◆ TASK DETAILS ◆
Go through the listing below and retype exactly the lines starting at the one with "FLEXISPOT King Storage" and ending at the one with "Voit antaa suoraa", skipping pictures.

-- COLLECTED DATA follows --

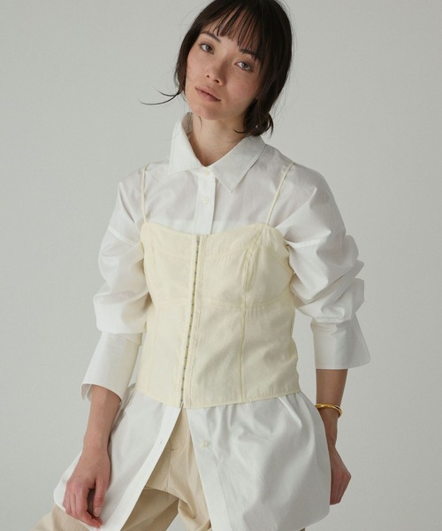 2026 PRE SPRING COLLECTIONいつものコーデに新しい表情を。「透け感」で遊ぶ、大人のレイヤード◆DETAILポイント◆・シアー感がポイントのレイヤード用ビスチェ。・フロントのホックデザインがポイント◆FABRICポイント◆・程良い張り感と透け感がる素材。◆おすすめコーディネート◆・カットソーやニットとレイヤードを楽しんで。・フロントホックの下側を外して着こなすのもおすすめ。【BABYLONE / バビロン】"Be myself" 好きな色 好きなかたち 好きな着こなし 自分の好きは自分だけが知ってる 自分らしい自分を好きでいたい時代のニュアンスを取り入れながらも まわりにとらわれない ブレないしなやかな女性たちへ【気になる商品は「お気に入り」登録を】ハートマークをクリックし、お好きなカラーを選んでお気に入りに登録すると在庫残り僅かの通知、再入荷通知などの情報を受け取ることができます。※商品の取り扱い方法につきましては、タグ等に記載されている「取り扱い上の注意」「洗濯表示」をご確認ください。※屋外での撮影画像は、光の当たり具合で色味が違って見える場合があります。あらかじめご了承ください。なお商品の色味は、スタジオ撮影の画像をご参照ください。
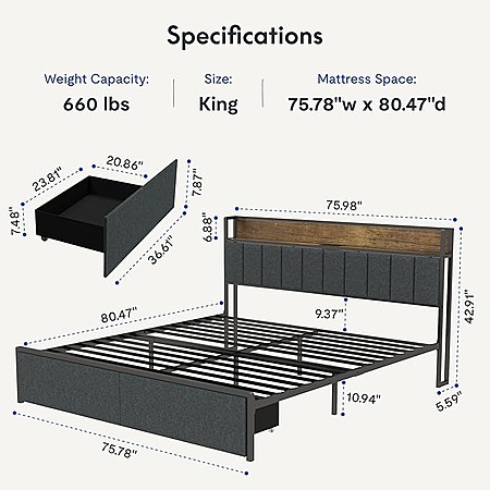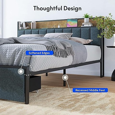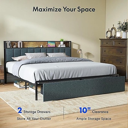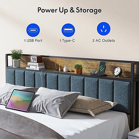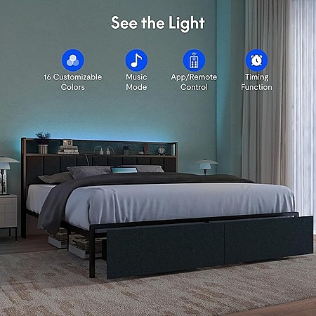 FLEXISPOT King Storage LED Bed Frame w/ Built-in Charging Station & Headboard Shelf $117 + Free Shipping
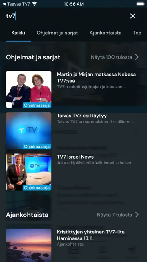 Voit antaa suoraa palautetta sovelluksesta lähettämällä sähköpostia osoitteeseen palaute@tv7.fi.
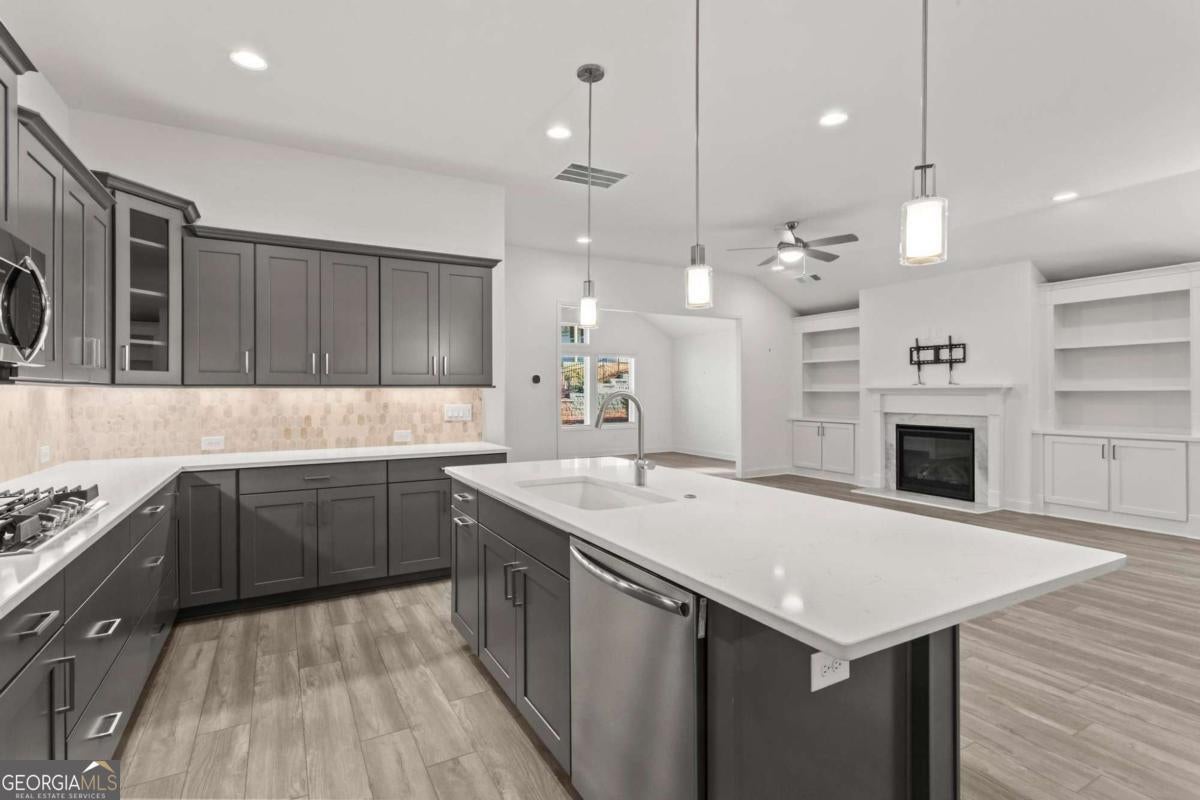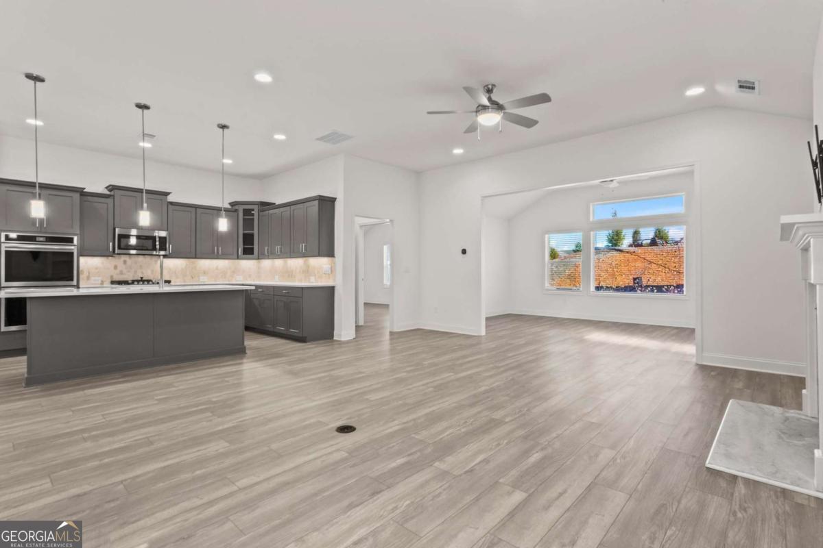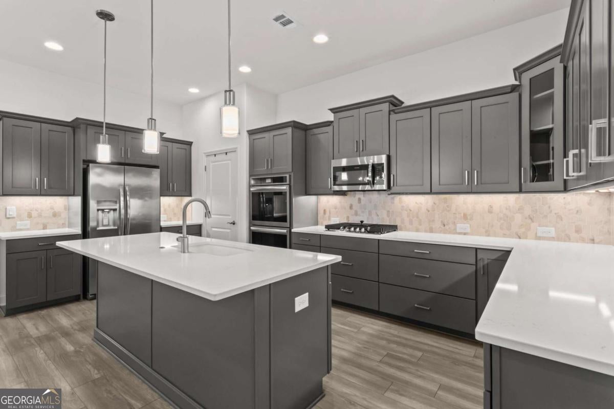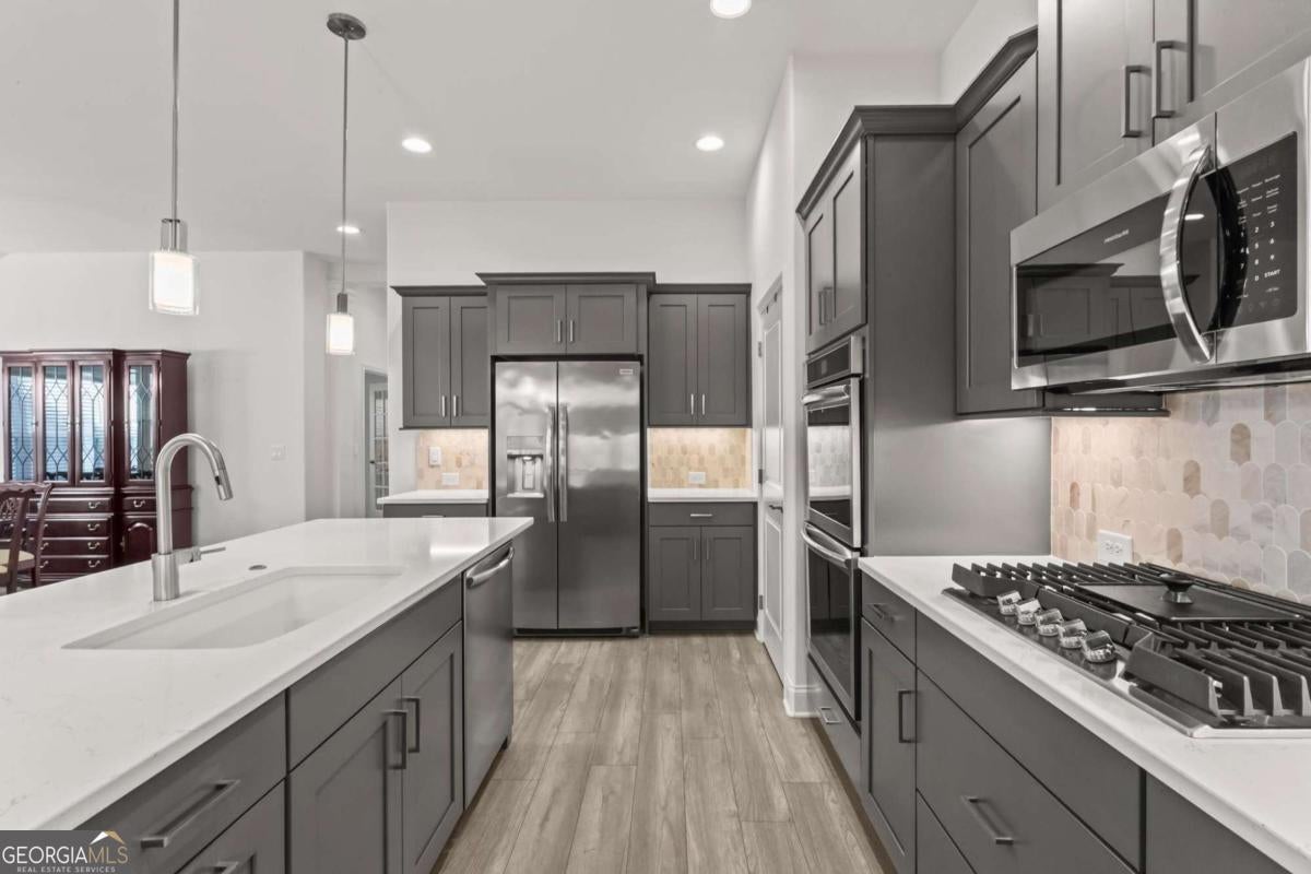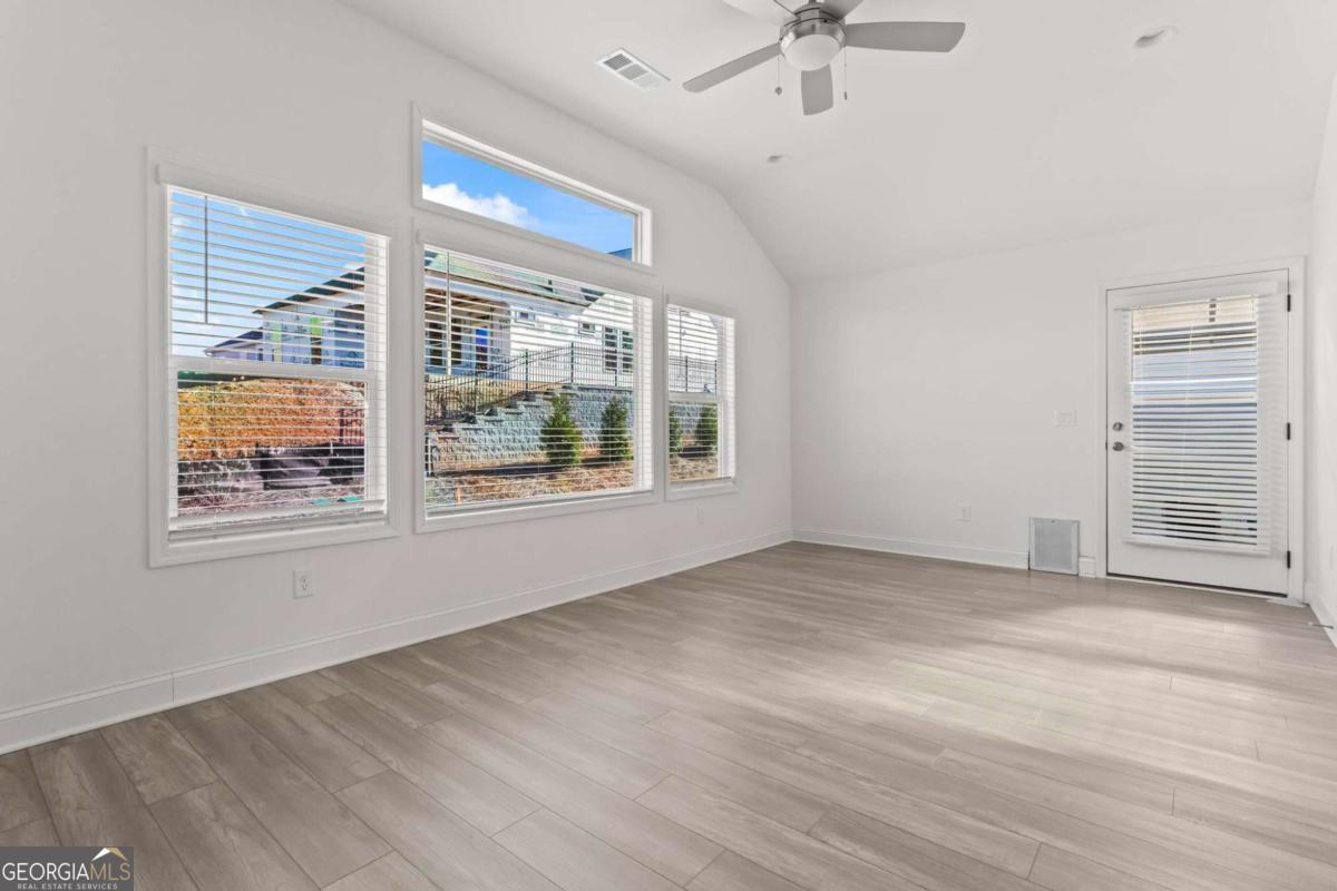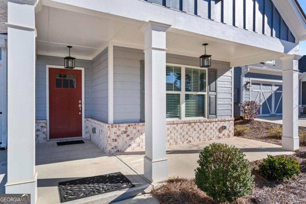 Like new (1 year old) Windsong home in beautiful Echols Farm. Featuring an oversized primary suite at the rear of the home with a spa like over-sized bathroom with generous walk-in shower, double vanities, a huge walk-in closet, and the luxury LVP was added to this room. Relax in the sunroom, or cozy up to a fire in the Great Room. Dining area will easily seat 12 people! HUGE chef's kitchen with double ovens, a gas cooktop, and a walk-in pantry! Soaring ceilings with a ton of windows make this home so welcoming. Finish the attic area for an extra room, or storage space. Laundry room has multiple custom cabinets, and a sink. The covered private rear patio is step-less to your outdoor living area, which is fenced with 2 gates and a covered area. Upon entering the gated community, you are greeted by beautiful landscaping surrounding the One-of-a-Kind Amenities, including a beautiful 2 Story clubhouse, which overlooks the lake with a fountain feature, walking trails, event area, where homeowners gather to share their love for arts and crafts. Join the activities any day or every day with homeowners as they play cards and games. Join the clubs, socials groups or just bring yourself to the covered outdoor patio at the Clubhouse or Event Barn to listen to the peaceful fountain as you relax!

-- COLLECTED DATA concluded --

◆ SOLUTION TO THIS TASK ◆
 FLEXISPOT King Storage LED Bed Frame w/ Built-in Charging Station & Headboard Shelf $117 + Free Shipping
 Voit antaa suoraa palautetta sovelluksesta lähettämällä sähköpostia osoitteeseen palaute@tv7.fi.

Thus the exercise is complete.